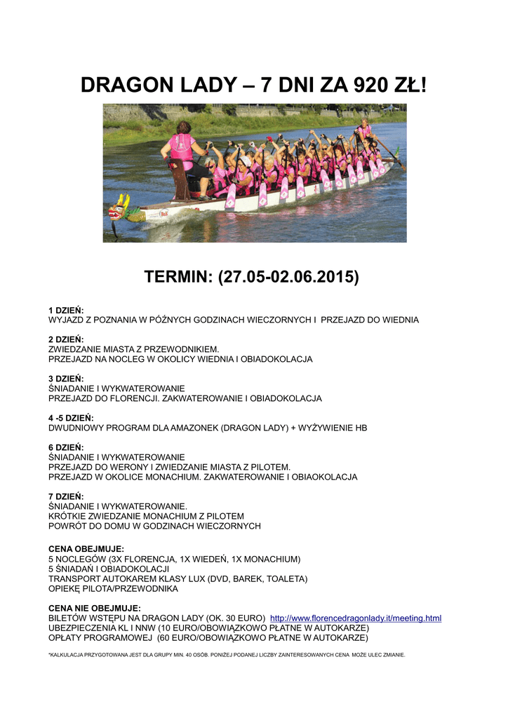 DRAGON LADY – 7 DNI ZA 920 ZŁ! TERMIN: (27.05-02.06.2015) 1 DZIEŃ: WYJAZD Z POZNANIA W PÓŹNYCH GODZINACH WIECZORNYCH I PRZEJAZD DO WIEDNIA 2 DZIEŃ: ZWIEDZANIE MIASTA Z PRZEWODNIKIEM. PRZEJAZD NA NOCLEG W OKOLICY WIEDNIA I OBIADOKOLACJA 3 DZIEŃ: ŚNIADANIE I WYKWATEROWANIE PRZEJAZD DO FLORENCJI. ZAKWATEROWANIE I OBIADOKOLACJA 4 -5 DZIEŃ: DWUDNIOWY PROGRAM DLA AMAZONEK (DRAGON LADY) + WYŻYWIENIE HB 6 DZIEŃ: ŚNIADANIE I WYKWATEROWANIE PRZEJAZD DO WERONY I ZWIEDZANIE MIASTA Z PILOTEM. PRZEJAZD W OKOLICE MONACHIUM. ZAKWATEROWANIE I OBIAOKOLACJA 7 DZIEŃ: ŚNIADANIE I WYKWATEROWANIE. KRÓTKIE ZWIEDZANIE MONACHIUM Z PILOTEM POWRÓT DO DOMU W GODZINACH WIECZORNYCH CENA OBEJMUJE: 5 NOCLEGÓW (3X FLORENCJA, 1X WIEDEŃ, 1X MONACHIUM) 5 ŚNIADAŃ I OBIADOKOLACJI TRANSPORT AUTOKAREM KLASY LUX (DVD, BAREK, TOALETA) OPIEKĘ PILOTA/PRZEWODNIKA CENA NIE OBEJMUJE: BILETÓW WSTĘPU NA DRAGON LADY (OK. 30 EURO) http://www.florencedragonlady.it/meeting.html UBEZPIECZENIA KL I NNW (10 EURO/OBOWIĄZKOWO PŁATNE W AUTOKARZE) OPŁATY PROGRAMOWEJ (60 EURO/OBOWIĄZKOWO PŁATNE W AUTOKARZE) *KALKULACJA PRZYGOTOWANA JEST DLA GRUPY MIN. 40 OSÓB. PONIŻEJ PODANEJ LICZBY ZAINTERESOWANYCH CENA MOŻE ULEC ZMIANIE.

──────────

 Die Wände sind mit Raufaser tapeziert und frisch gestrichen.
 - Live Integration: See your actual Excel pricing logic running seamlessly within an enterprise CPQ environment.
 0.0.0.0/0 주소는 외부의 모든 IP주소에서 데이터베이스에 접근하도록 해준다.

──────────

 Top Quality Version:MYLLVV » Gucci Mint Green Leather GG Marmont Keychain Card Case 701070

──────────

Above are the records; from them, give again exactly the lines from the one containing "Die Wände sind" to the one containing "0.0.0.0/0 주소는 외부의", both lines included, and nothing more.

ANSWER TO THE EXERCISE.
 Die Wände sind mit Raufaser tapeziert und frisch gestrichen.
 - Live Integration: See your actual Excel pricing logic running seamlessly within an enterprise CPQ environment.
 0.0.0.0/0 주소는 외부의 모든 IP주소에서 데이터베이스에 접근하도록 해준다.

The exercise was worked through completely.